Although it’s called black dhal, the finished dish is actually a chocolaty brown colour, however, the uncooked black lentils are little white gems with a black husk. I’d never come across black lentils (also known as urad dhal or black gram), and thought that I’d struggle to find them. Luckily, I have a very handy International Supermarket on my high street, which as its’ name suggests, sells a wealth of international produce. If you can’t find what you need in here, you won’t find it anywhere. Having hunted the ‘grains pulses wall’ (yes, you heard right, there is a wall of grains and pulses), I came across Urid Dal. Not sure whether I’d found what I needed, I bought it anyway, and with the help of Google discovered it was just what I needed. Hoorah.

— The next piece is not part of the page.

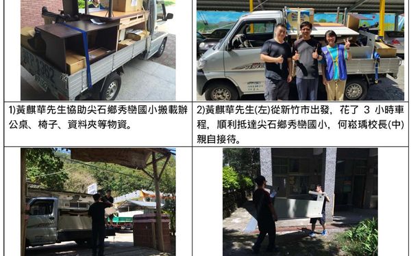 新竹縣社工員 賴怡秀 在志工伙伴的介紹,我們有幸認識了海智精密機械有限公司負責人 黃麒華先生,先是在六月底邀集員工與親友們舉辦了一場感恩饗宴,與偏鄉孩童共度一個幸福快樂的午後。黃先生對我們的服務內容非常支持與認同,並希望自己還可以多做些什麼,亦會同親友們捐贈愛心物資,就連隔壁鄰居在汰換傢俱時,也建議可以捐給世界和平會服務的弱勢家庭或偏鄉小學,對本會服務推動不遺餘力。黃先生每每辛苦整理完畢後再向友人借用小貨車,驅車前往偏鄉,將愛心物資親自搬運送至案家或學校。 特別感謝黃先生對本會服務的支持與協助,讓本會工作人員、受服務之家庭及偏鄉小學感受到社會善心的溫暖。 黃麒華先生送愛至偏鄉之照片分享105.10.04 搬載愛心物資,送至尖石鄉秀巒國小105.11.03 搬載愛心物資,送至五峰鄉服務家庭105.11.14 搬載愛心物資,送至尖石鄉秀巒國小 服務照片如下:

Now, back to the dhal itself. While it takes a whopping 2-3 hours for this beautiful, smoky dhal to reach maturity on the hob, you can throw the ingredients together in about 15 minutes then leave it alone, bar a few stirs every now and again.
Anna uses dried pulses for her dhal, I’m usually a fan of already hydrated beans and lentils in tins as I can’t be bothered or generally forget to soak them overnight. Luckily, Ms Jones does mention in the recipe, that although ideally you should soak the lentils and kidney beans (they’re also used in this recipe) overnight, you can get away with soaking them for just a couple of hours, you’ll just have to increase the cooking time.
With the dhal bubbling away on the hob, there was plenty of time for a long game of traffic jams with the toddler’s toy cars and a few episodes of Peppa Pig.
I served the dhal topped with yoghurt and coriander with charred chapattis.
The verdict from the toddler: When asked if he’d like to try to dhal he replied with an usually polite: ‘No thank you.’
The verdict from the husband: ‘It’s nice. It’s got a kind of Mexican smoky beans thing going on.’ Not bad husband, as Anna describes the dish as ‘half barbeque Boston beans and half creamy spiced masala’.
The verdict from the cook: ‘It’s done the trick, I can breathe again…’
- 200g whole dried black lentils
- 100g dried kidney beans
- Groundnut oil or coconut oil for frying
- 2 onions, peeled and finely chopped
- 1 tsp cumin seeds
- 2 cardamom pods, split
- 1 tsp turmeric
- ½ tsp red chilli powder
- 1 tsp fennel seeds
- 3 cloves of garlic, peeled and finely chopped
- A thumb-sized piece of ginger peeled and finely chopped
- 2 tbsp tomato puree
- 2 tomatoes, finely chopped
- A small bunch of fresh coriander, leaves picked and roughly chopped.
- Soak the lentils and beans in a bowl of cold water – overnight ideally, but a few hours will do/
- Heat the oil in a pan and fry the onions for 10-15 minutes until soft and lightly browned. Add the dry spices, garlic, ginger and tomato puree and stir for a couple of minutes.
- Drain the lentils and beans and add to the pan with the chopped tomatoes and 2 litres of cold water. Bring to boil, then turn the pan down to a gentle simmer, cover with a lid and leave to cook for 2-3 hours, until the beans and the lentils are cooked and the liquor has thickened. Occasionally stir the dhal and top up with water if it becomes too dry.
- Once cooked, mash about half the beans and lentils with a potato masher, then add to the pan – this makes the dhal nice and creamy.
- Serve in a bowls topped with a little yoghurt, fresh coriander and naan bread or chapattis.